Tuning Mechanical Properties of Aluminoborate Glasses by Modifier Substitution

Reference	Presenter	Authors (Institution)	Abstract
10-001	Kacper Januchta	Januchta, K.(Aalborg University); Frederiksen, K.F.(Aalborg University); Bauchy, M.(University of Califronia, Los Angeles); Youngman, R.E.(Corning Incorporated); Smedskjaer, M.M.(Aalborg University);	Aluminoborate glasses exhibit a superior resistance to sharp contact-induced cracking compared to most silicate glasses, which reduces the risk of initiating catastrophic fracture. The high crack resistance is associated with the ability of the glasses to adapt the connectivity of their network under compressive stress, which facilitates densification and thus aids in dissipation of the energy supplied during impact. However, the influence of modifier oxides (e.g., alkali or alkaline earth) on the mechanical performance and on the degree of network self-adaptivity under stress of aluminoborate glasess has not been investigated. Here, we study two series of melt-quenched R2O (R = Cs, Rb, K, Na, and Li) and RO (R = Ba, Sr, Ca, and Mg) containing aluminoborate glasses with fixed Al/B molar ratio.
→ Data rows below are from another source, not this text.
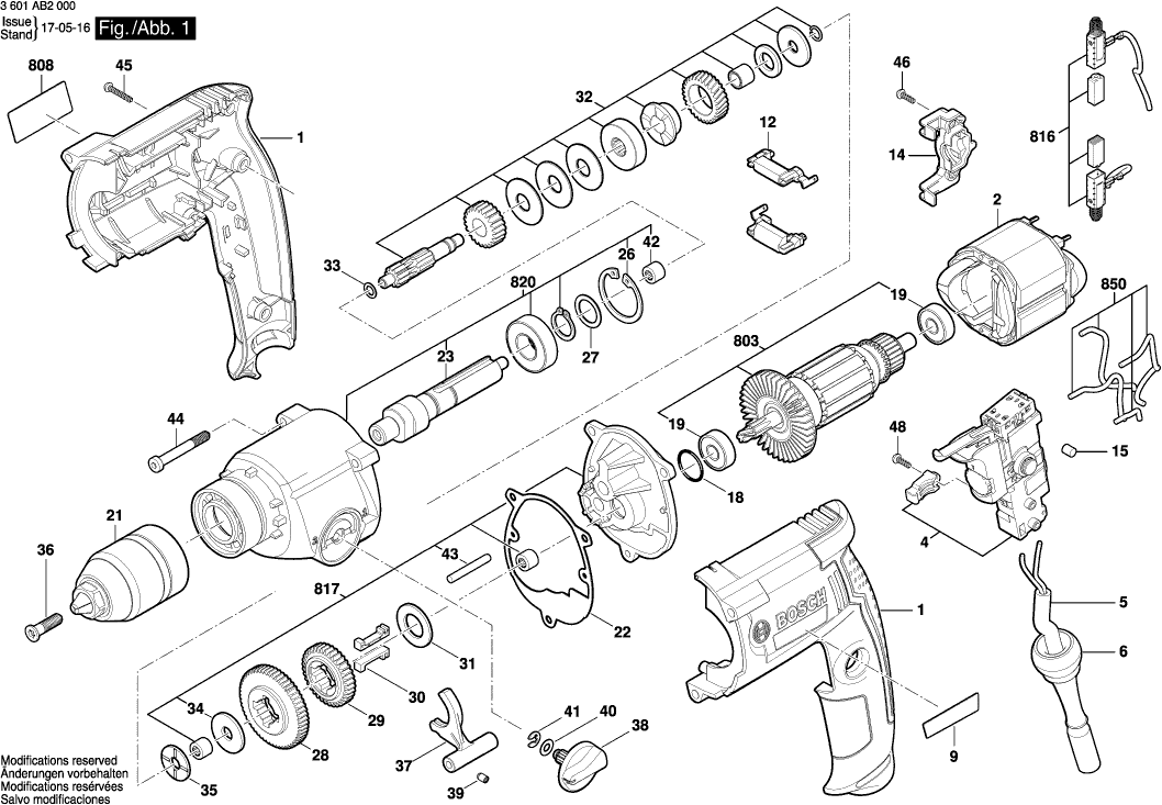 Zeichnungen der Bosch 3601AB2002 ( GBM13-2RE )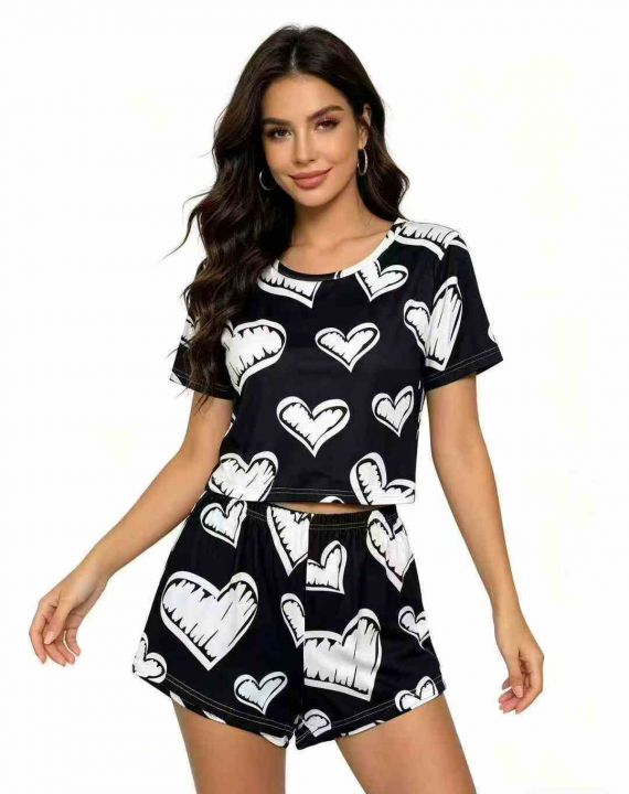 时尚洋气双短印花成人两件套,小整款花型图案多,品质...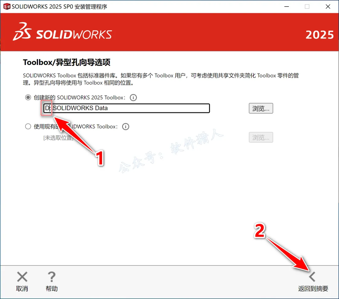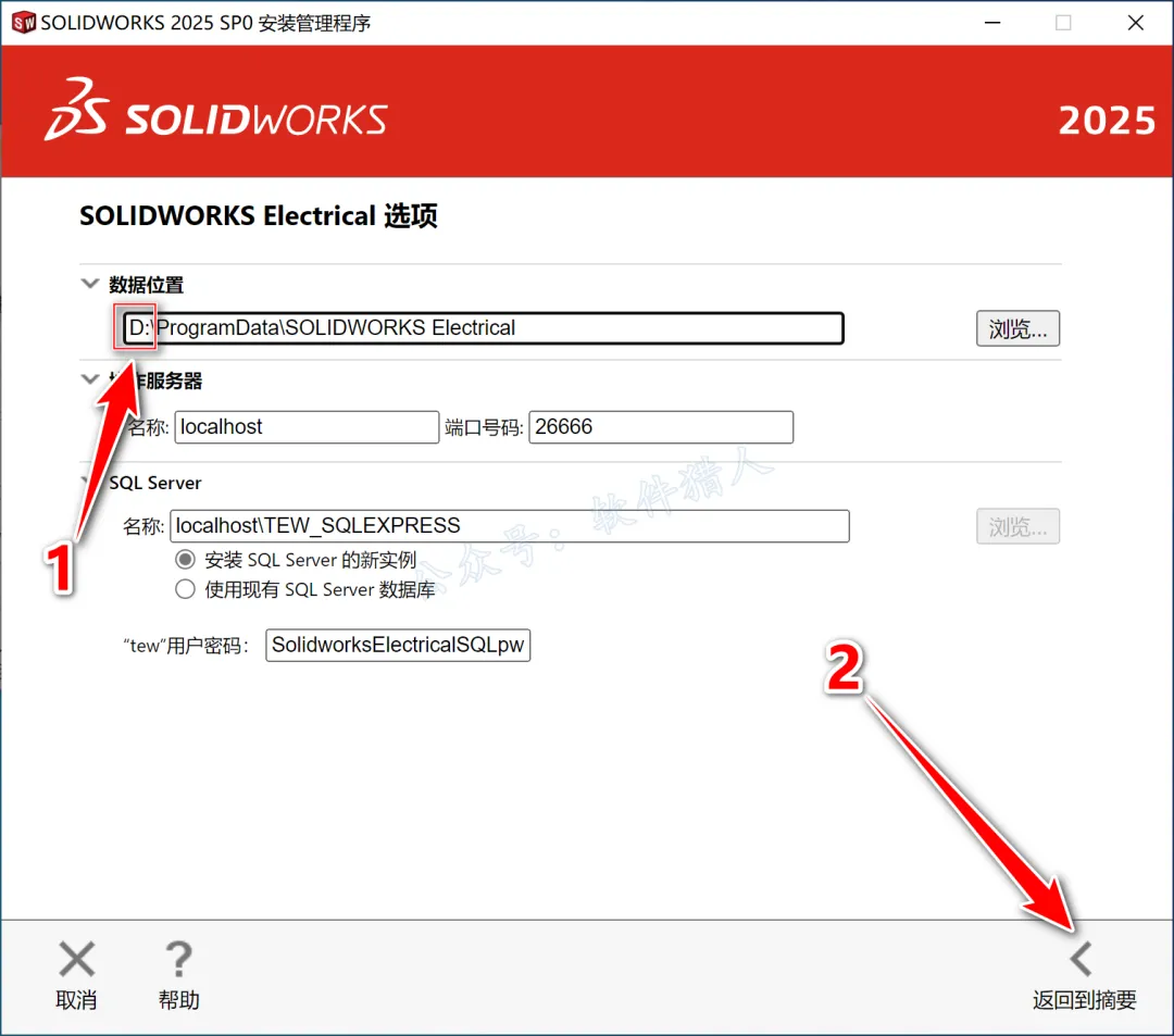 23.修改数据位置路径地址中的第一个字符C可更改安装位置(如:把C改为D软件将安装到D盘),点击【返回摘要】。

We examine their mechanical properties including Vicker’s hardness, Young’s modulus, and crack resistance using micro-indentation and ultrasonic echography. We also probe the coordination environments of the network-forming Al and B atoms through solid state nuclear magnetic resonance spectroscopy. We correlate the compositional trends in mechanical properties to the strength of the R–O bond as well as the underlying structural features. We find that hardness and modulus increase with increasing bond strength, while crack resistance displays a non-monotonic composition variation, which can be explained by significant differences in connectivity of the investigated networks.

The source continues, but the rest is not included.